* **EXERCISE GOAL**:
Extract, in full, the lines below, beginning at the first and ending with the line that contains "Мужское поло от". Pictures do not belong in the copy.
———
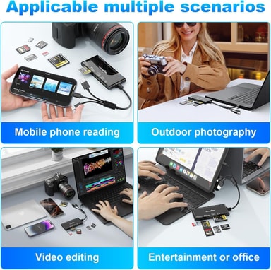 NÖRDIC Multi-Kortlæser med USB-C, USB-A og Lightning-tilslutning er et alsidigt værktøj til at læse og overføre data fra flere forskellige hukommelseskort, herunder SD, MicroSD, CF, M2 og MS. Perfekt til fotografer, indholdsskabere og alle, der hurtigt ønsker at overføre filer til en computer, tablet eller mobil – uanset operativsystem. Plug & Play, ingen drivere kræves.Specifikationer:
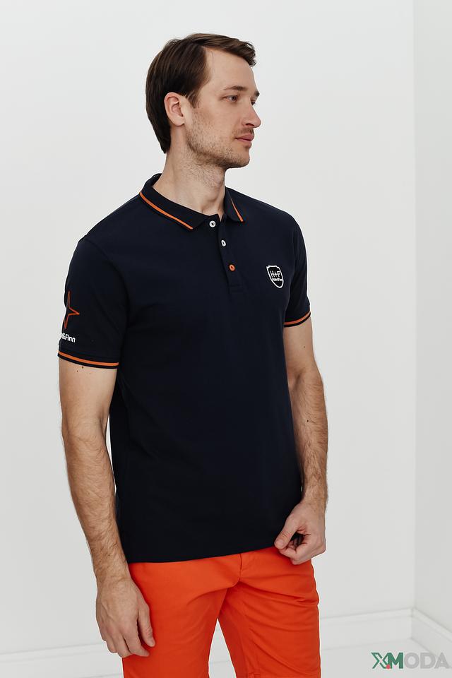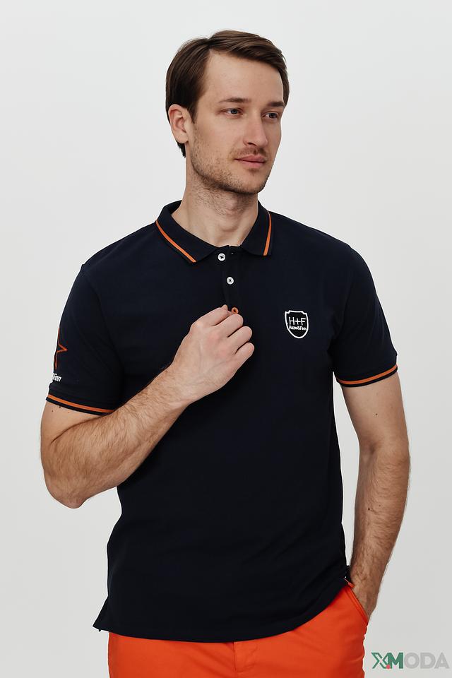 Мужское поло от Haze and Finn тёмно-синего цвета с оранжевой отделкой и логотипом на груди. Классический крой и 100% хлопковый состав обеспечивают комфорт и удобство в носке. Состав: хлопок 100%
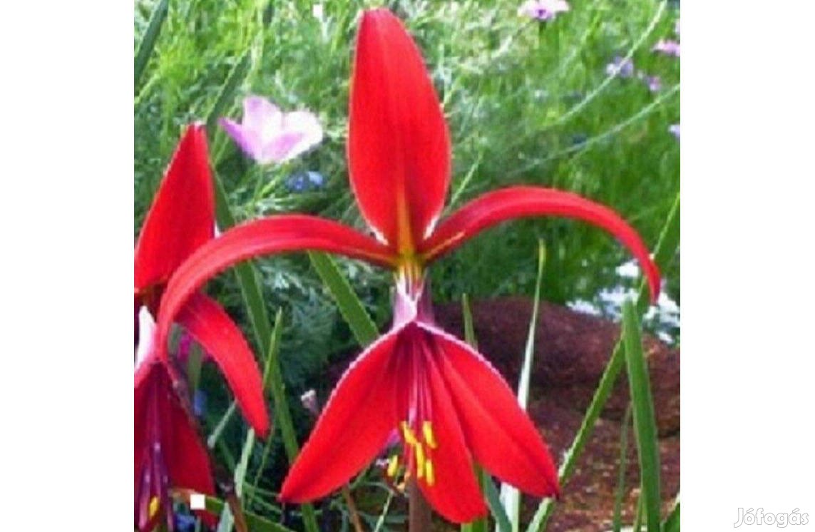 A Jakabliliom (Sprekelia formosissima) az amariliszfélék családjába tartozó hagymás évelő, sötét skarlátpiros virágaival elegáns és különleges virága lehet kertünknek. Amennyiben szobában szeretnénk kezdeni a hagymák tavaszi hajtatását, Márciusban ültessük jó tőzegalapú virágföldbe hármasával, a fagyosszentek után kitehetjük a szabadba. Szabadföldbe csak Április végén ültessük, ősszel az első fagyok előtt mindenképp szedjük fel a hagymákat. Megtisztítva száraz 15-20 fokos helyen teleltethető. Egy Jakabliliom hagyma Ára: 850 Ft, amit postázni tudok a vásárlónak megfelelően.
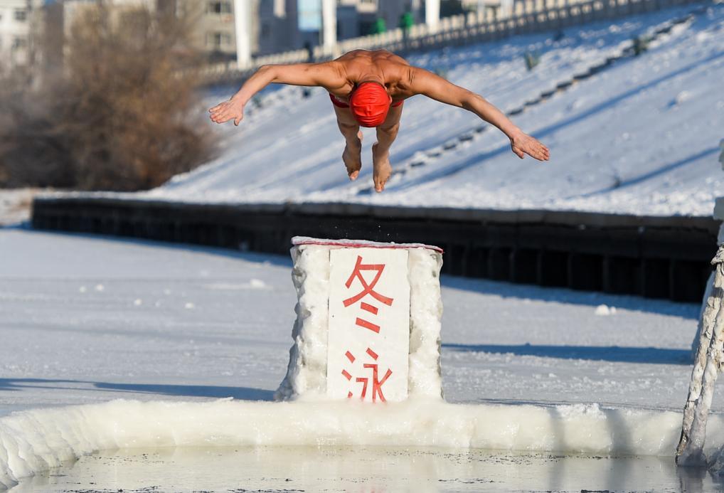 ↑閆相斌跳進泳池(2021年1月22日攝)。
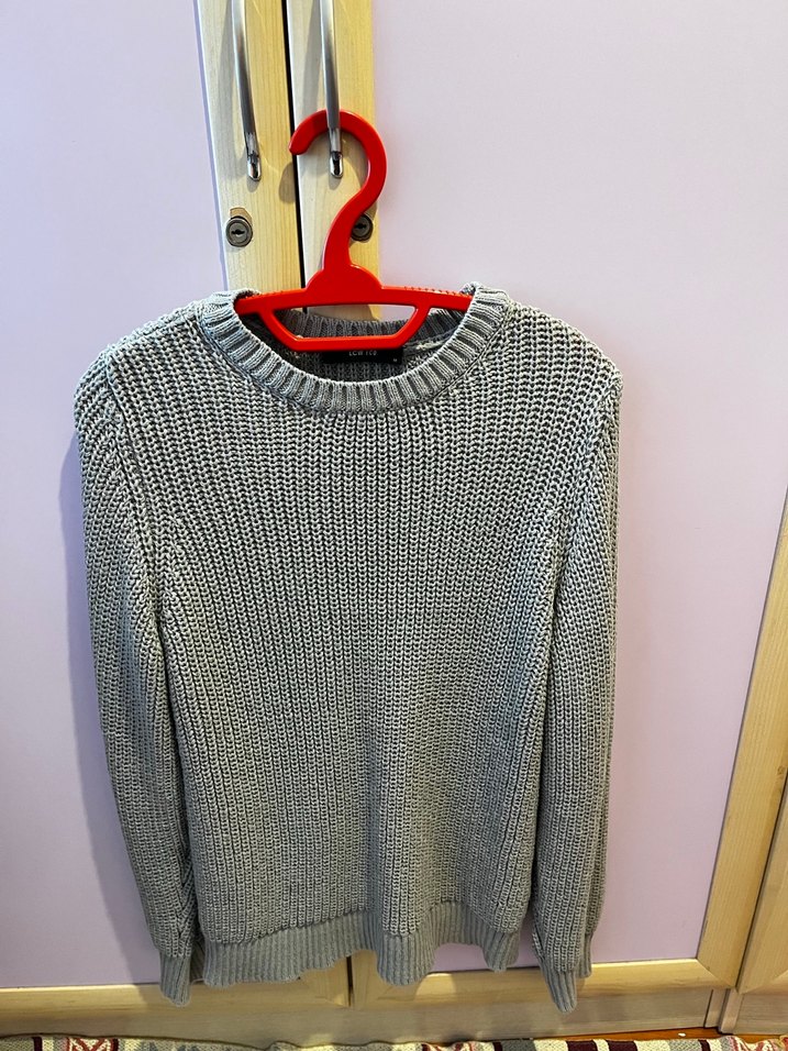 Bu dar kesim kadın kazak, gri örgü kumaş, yuvarlak yaka ve uzun kollara sahiptir. Normal boyu ve rahat örgü yapısıyla günlük kullanıma uygundur.
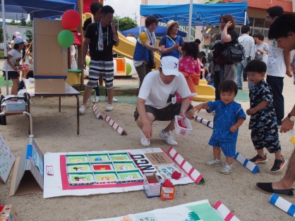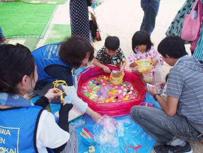 発表の後は、楽しみな父母の会のお父さんお母さんによるバザーのゲームです。手作りの的あては、乳児さんから幼児さんまで楽しめるように工夫して作って下さいました。スーパーボールすくいも人気でした。当日までの計画や準備など、見えない部分のご協力もあったと思います。おかげで、七夕音楽会が中でも外でも盛り上がりました。
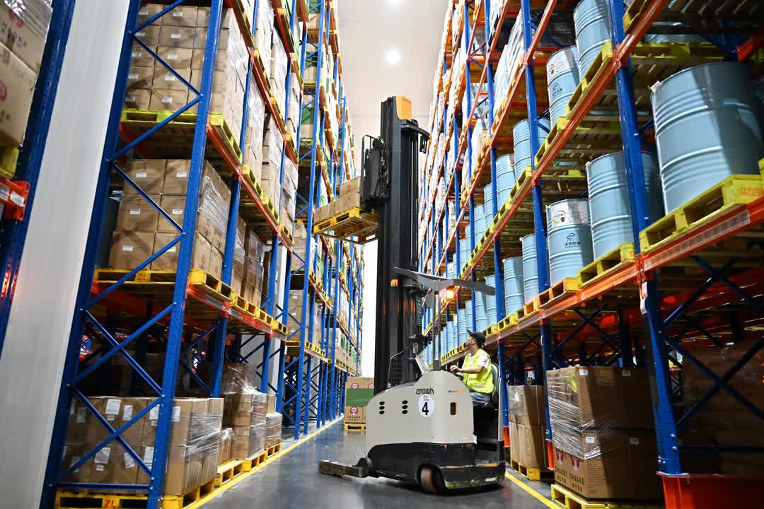 贺兰众力冷链仓储内工人操作叉车精准装卸,其“一区多温”高标准设施,保障宁夏及周边食品仓储配送,助力冷链商品高效供应。
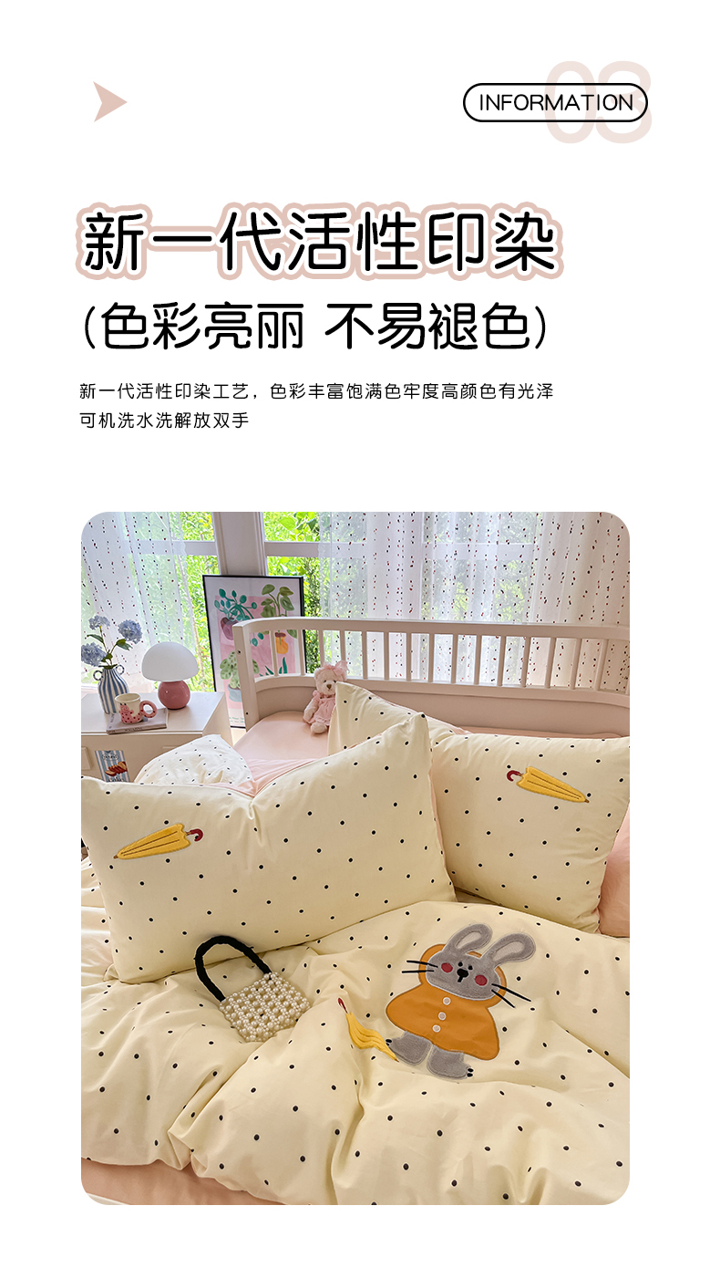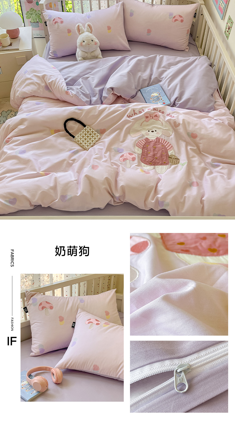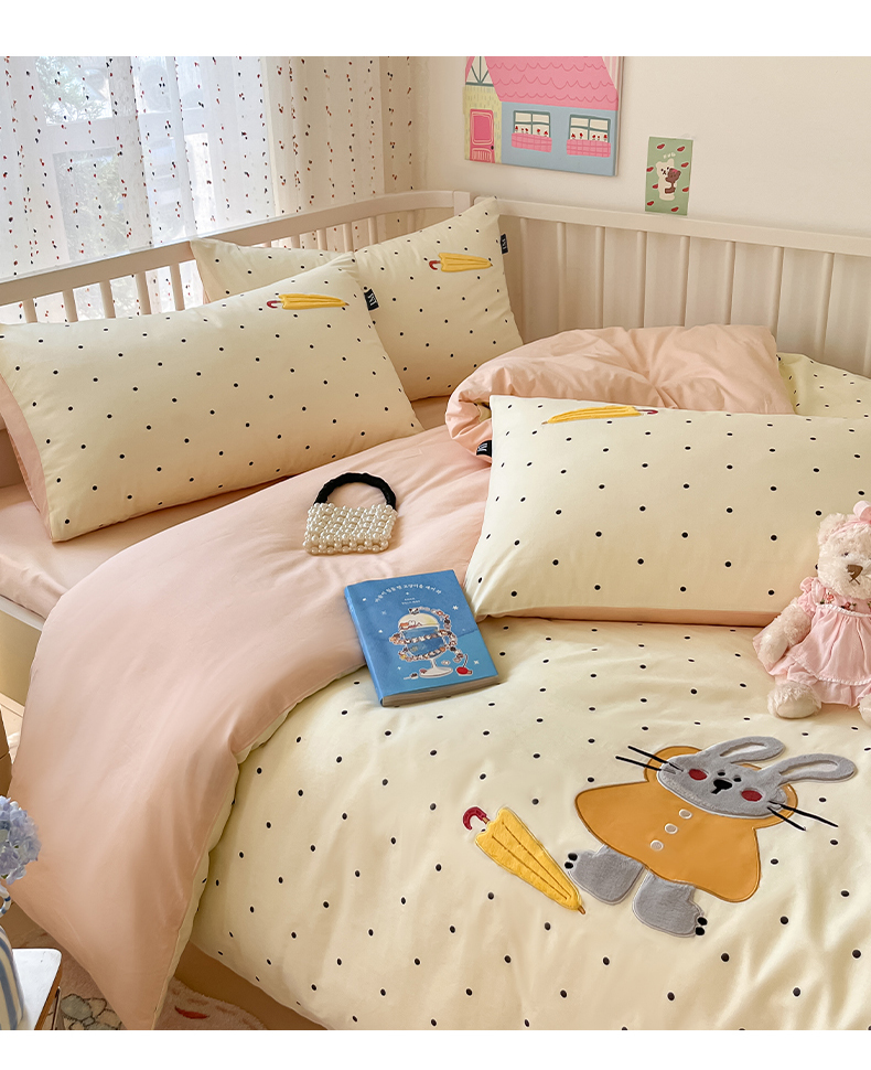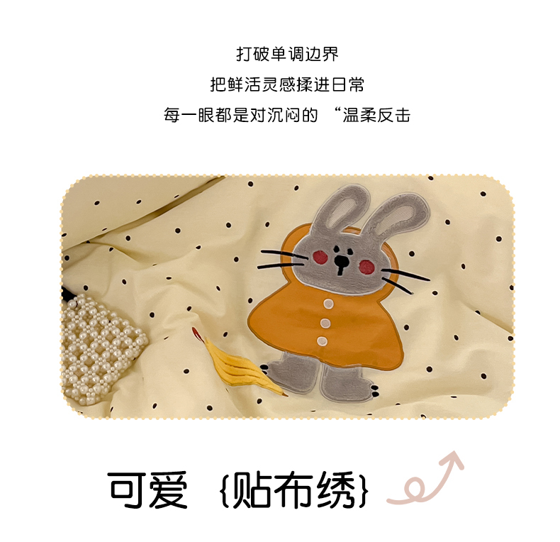 当前位置: 91家纺网 > 商品网购 > 床品套件 > 四件套 > 全棉普通四件套 > 乐美家纺 2025新款亲肤舒适全棉纯棉贴布绣卡通系列四件套 雨伞奶兔
———
* **WRITTEN ANSWER**:
 NÖRDIC Multi-Kortlæser med USB-C, USB-A og Lightning-tilslutning er et alsidigt værktøj til at læse og overføre data fra flere forskellige hukommelseskort, herunder SD, MicroSD, CF, M2 og MS. Perfekt til fotografer, indholdsskabere og alle, der hurtigt ønsker at overføre filer til en computer, tablet eller mobil – uanset operativsystem. Plug & Play, ingen drivere kræves.Specifikationer:
 Мужское поло от Haze and Finn тёмно-синего цвета с оранжевой отделкой и логотипом на груди. Классический крой и 100% хлопковый состав обеспечивают комфорт и удобство в носке. Состав: хлопок 100%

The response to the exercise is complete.